**Exercise details:** Omit the pictures and return exactly the stretch of the material below from the line with "- Katena 68250" through the line with "观观在接受采访的9月底,参加".

**Source data:**
★ ★ ★

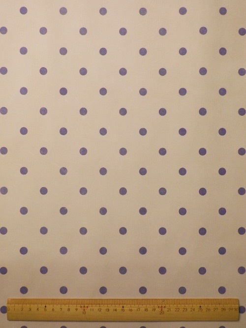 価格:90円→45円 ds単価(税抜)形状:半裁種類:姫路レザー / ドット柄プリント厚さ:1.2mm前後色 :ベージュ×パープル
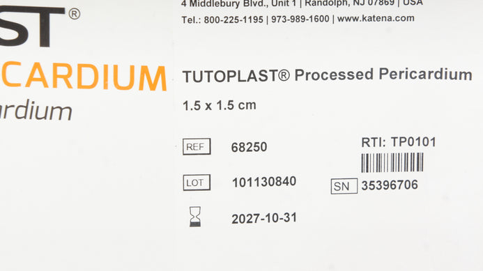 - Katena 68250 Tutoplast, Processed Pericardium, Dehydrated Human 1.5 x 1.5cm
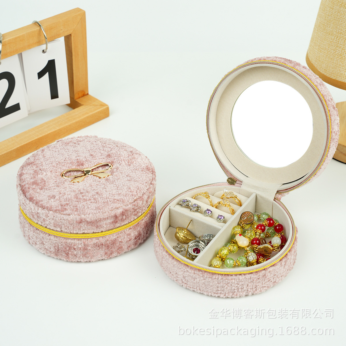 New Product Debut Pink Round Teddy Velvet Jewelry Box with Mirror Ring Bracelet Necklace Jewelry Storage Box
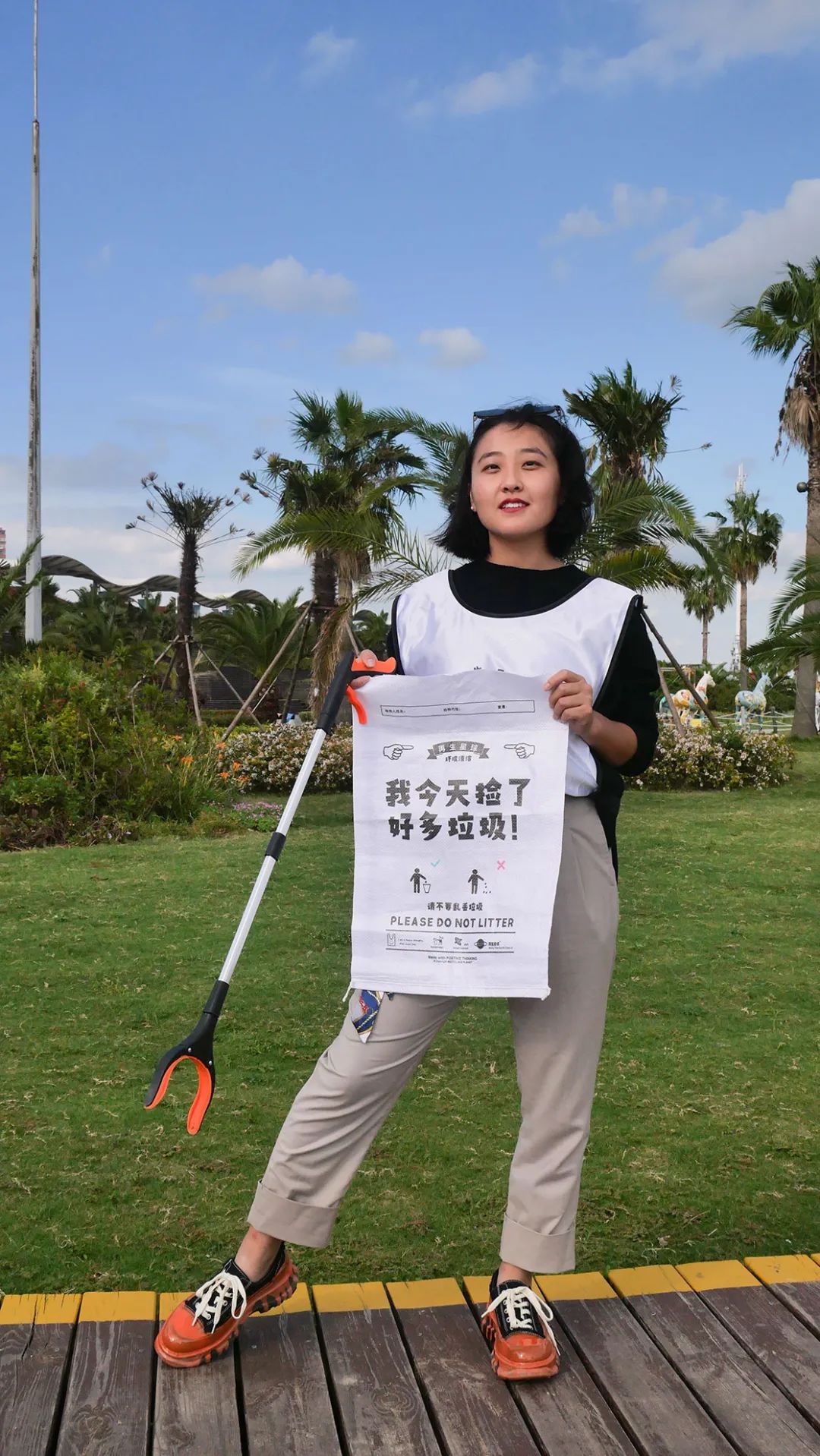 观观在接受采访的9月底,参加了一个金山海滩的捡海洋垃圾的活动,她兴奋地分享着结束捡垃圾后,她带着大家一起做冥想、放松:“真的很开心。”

★ ★ ★

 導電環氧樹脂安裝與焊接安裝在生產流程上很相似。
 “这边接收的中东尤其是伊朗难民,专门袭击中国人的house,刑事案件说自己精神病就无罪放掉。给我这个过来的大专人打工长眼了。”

★ ★ ★

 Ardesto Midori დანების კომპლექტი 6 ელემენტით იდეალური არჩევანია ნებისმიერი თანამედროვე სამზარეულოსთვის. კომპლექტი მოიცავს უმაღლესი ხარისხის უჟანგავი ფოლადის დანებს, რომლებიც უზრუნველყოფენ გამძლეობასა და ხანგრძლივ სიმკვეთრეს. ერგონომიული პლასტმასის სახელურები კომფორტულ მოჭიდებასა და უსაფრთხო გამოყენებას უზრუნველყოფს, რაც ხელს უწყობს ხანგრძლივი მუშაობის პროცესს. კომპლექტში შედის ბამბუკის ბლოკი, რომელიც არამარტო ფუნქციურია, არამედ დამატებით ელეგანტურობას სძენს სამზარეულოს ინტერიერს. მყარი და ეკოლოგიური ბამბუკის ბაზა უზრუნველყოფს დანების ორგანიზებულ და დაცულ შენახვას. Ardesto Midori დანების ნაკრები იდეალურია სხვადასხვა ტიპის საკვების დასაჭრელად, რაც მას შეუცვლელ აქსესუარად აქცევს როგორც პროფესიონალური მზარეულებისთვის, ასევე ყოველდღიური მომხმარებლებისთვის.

★ ★ ★

**Response to the exercise:**
 - Katena 68250 Tutoplast, Processed Pericardium, Dehydrated Human 1.5 x 1.5cm
 New Product Debut Pink Round Teddy Velvet Jewelry Box with Mirror Ring Bracelet Necklace Jewelry Storage Box
 观观在接受采访的9月底,参加了一个金山海滩的捡海洋垃圾的活动,她兴奋地分享着结束捡垃圾后,她带着大家一起做冥想、放松:“真的很开心。”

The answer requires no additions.